-- Required action --
Would you please transcribe the records below exactly, leaving out the pictures?

(Extracted records)
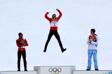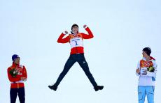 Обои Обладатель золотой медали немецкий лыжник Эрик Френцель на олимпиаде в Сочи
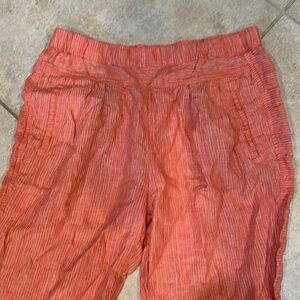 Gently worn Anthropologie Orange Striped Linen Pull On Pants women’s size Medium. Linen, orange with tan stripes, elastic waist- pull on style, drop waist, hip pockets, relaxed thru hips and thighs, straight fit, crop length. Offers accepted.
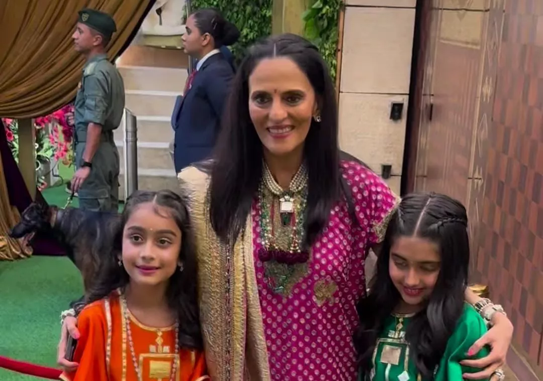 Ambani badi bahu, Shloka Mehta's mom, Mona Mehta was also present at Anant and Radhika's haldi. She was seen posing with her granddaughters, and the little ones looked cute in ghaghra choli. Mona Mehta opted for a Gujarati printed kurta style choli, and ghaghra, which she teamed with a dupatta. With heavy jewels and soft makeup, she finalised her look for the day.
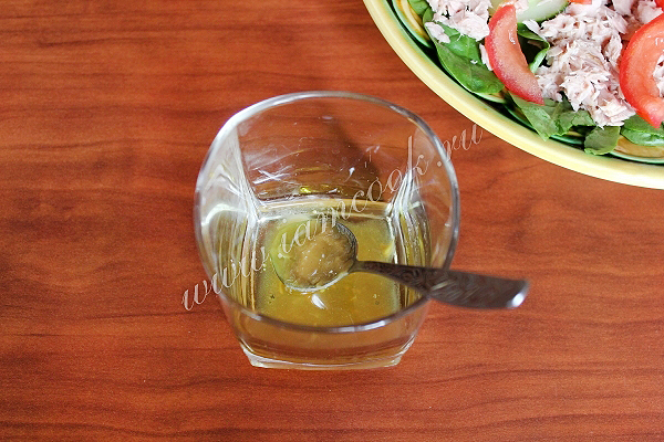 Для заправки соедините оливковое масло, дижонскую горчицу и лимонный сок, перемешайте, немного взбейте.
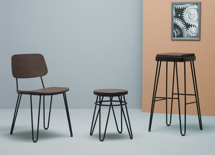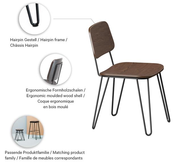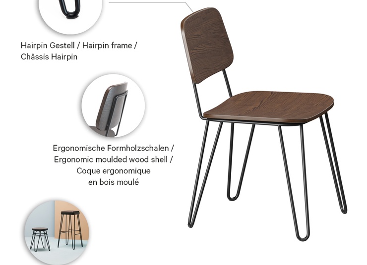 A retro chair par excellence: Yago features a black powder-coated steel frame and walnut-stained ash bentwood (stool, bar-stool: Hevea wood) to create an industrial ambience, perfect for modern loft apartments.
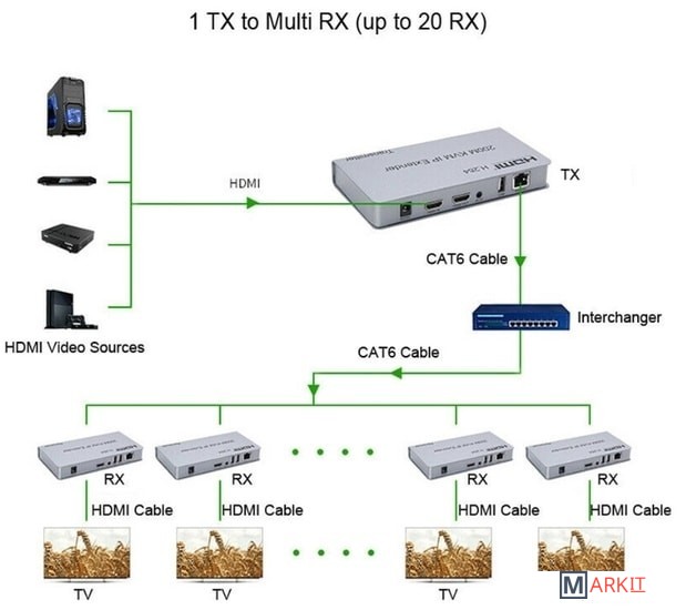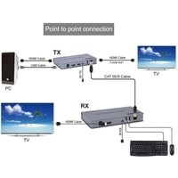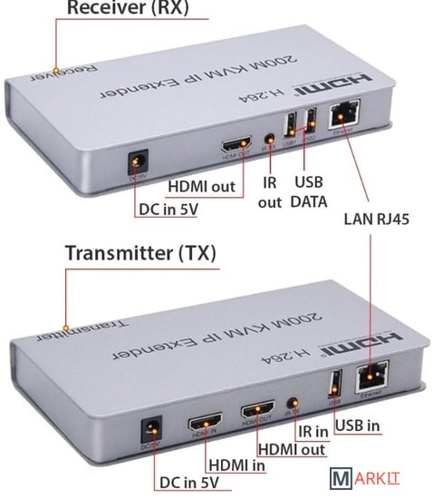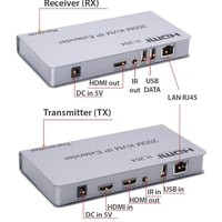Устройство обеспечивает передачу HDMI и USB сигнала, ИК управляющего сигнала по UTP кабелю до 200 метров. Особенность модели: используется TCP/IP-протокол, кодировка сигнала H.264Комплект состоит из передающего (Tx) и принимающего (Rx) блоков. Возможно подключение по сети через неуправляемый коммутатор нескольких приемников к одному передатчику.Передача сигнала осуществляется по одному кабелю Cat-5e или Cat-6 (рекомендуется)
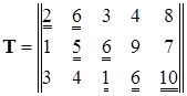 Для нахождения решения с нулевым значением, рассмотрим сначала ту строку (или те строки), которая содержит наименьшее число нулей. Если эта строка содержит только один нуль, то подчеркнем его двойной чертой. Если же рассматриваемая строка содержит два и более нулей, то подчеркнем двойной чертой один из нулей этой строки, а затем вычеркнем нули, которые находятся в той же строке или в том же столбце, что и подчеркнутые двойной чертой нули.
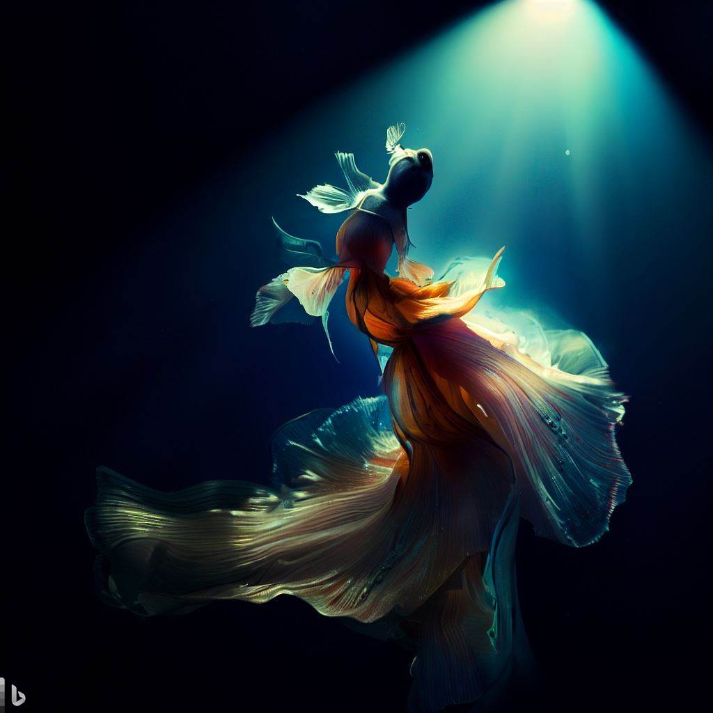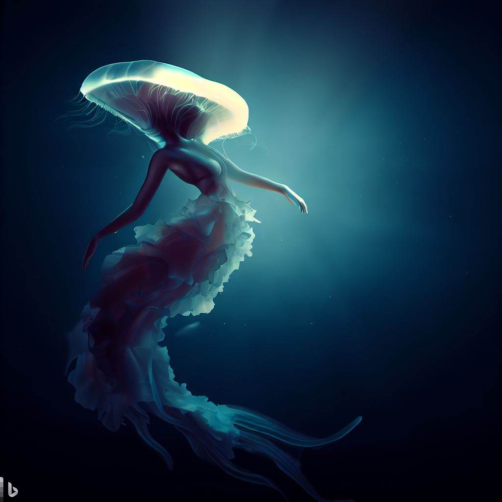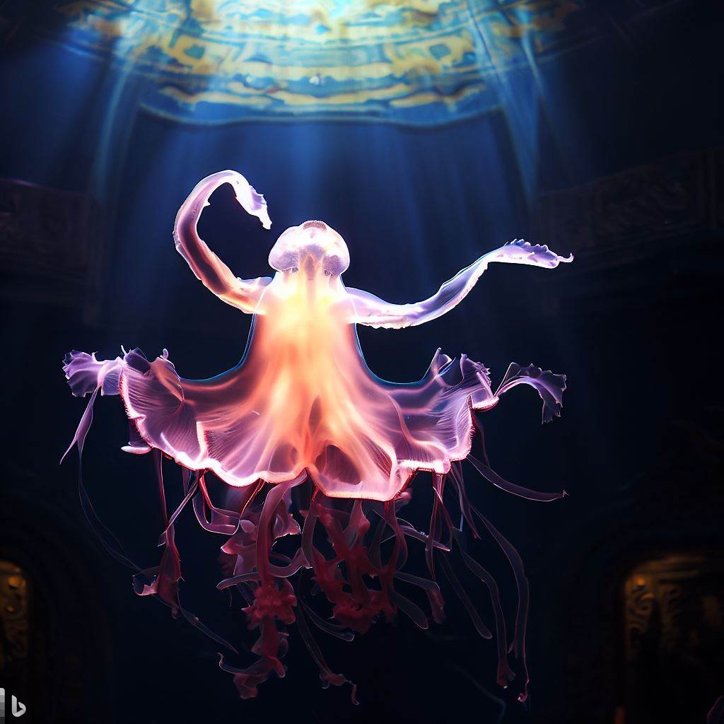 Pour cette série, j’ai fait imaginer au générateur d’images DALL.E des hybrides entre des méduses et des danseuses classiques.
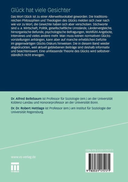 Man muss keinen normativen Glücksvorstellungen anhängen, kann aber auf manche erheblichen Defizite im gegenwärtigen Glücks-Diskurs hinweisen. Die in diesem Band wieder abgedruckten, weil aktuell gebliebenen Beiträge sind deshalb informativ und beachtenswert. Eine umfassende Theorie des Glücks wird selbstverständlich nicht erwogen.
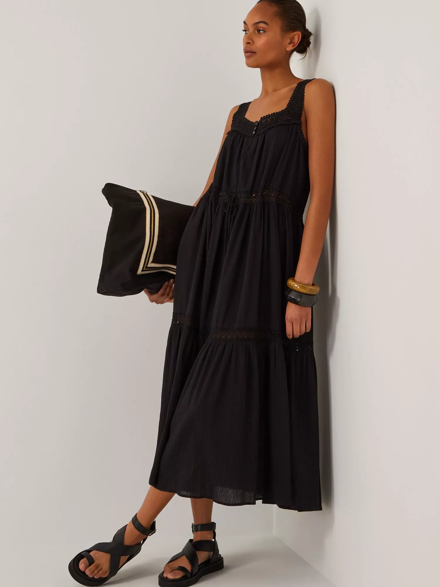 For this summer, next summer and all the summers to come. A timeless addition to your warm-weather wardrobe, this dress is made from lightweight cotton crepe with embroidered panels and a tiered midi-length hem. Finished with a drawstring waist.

-- Expected answer --
 Обои Обладатель золотой медали немецкий лыжник Эрик Френцель на олимпиаде в Сочи
 Gently worn Anthropologie Orange Striped Linen Pull On Pants women’s size Medium. Linen, orange with tan stripes, elastic waist- pull on style, drop waist, hip pockets, relaxed thru hips and thighs, straight fit, crop length. Offers accepted.
 Ambani badi bahu, Shloka Mehta's mom, Mona Mehta was also present at Anant and Radhika's haldi. She was seen posing with her granddaughters, and the little ones looked cute in ghaghra choli. Mona Mehta opted for a Gujarati printed kurta style choli, and ghaghra, which she teamed with a dupatta. With heavy jewels and soft makeup, she finalised her look for the day.
 Для заправки соедините оливковое масло, дижонскую горчицу и лимонный сок, перемешайте, немного взбейте.
 A retro chair par excellence: Yago features a black powder-coated steel frame and walnut-stained ash bentwood (stool, bar-stool: Hevea wood) to create an industrial ambience, perfect for modern loft apartments.
Устройство обеспечивает передачу HDMI и USB сигнала, ИК управляющего сигнала по UTP кабелю до 200 метров. Особенность модели: используется TCP/IP-протокол, кодировка сигнала H.264Комплект состоит из передающего (Tx) и принимающего (Rx) блоков. Возможно подключение по сети через неуправляемый коммутатор нескольких приемников к одному передатчику.Передача сигнала осуществляется по одному кабелю Cat-5e или Cat-6 (рекомендуется)
 Для нахождения решения с нулевым значением, рассмотрим сначала ту строку (или те строки), которая содержит наименьшее число нулей. Если эта строка содержит только один нуль, то подчеркнем его двойной чертой. Если же рассматриваемая строка содержит два и более нулей, то подчеркнем двойной чертой один из нулей этой строки, а затем вычеркнем нули, которые находятся в той же строке или в том же столбце, что и подчеркнутые двойной чертой нули.
 Pour cette série, j’ai fait imaginer au générateur d’images DALL.E des hybrides entre des méduses et des danseuses classiques.
 Man muss keinen normativen Glücksvorstellungen anhängen, kann aber auf manche erheblichen Defizite im gegenwärtigen Glücks-Diskurs hinweisen. Die in diesem Band wieder abgedruckten, weil aktuell gebliebenen Beiträge sind deshalb informativ und beachtenswert. Eine umfassende Theorie des Glücks wird selbstverständlich nicht erwogen.
 For this summer, next summer and all the summers to come. A timeless addition to your warm-weather wardrobe, this dress is made from lightweight cotton crepe with embroidered panels and a tiered midi-length hem. Finished with a drawstring waist.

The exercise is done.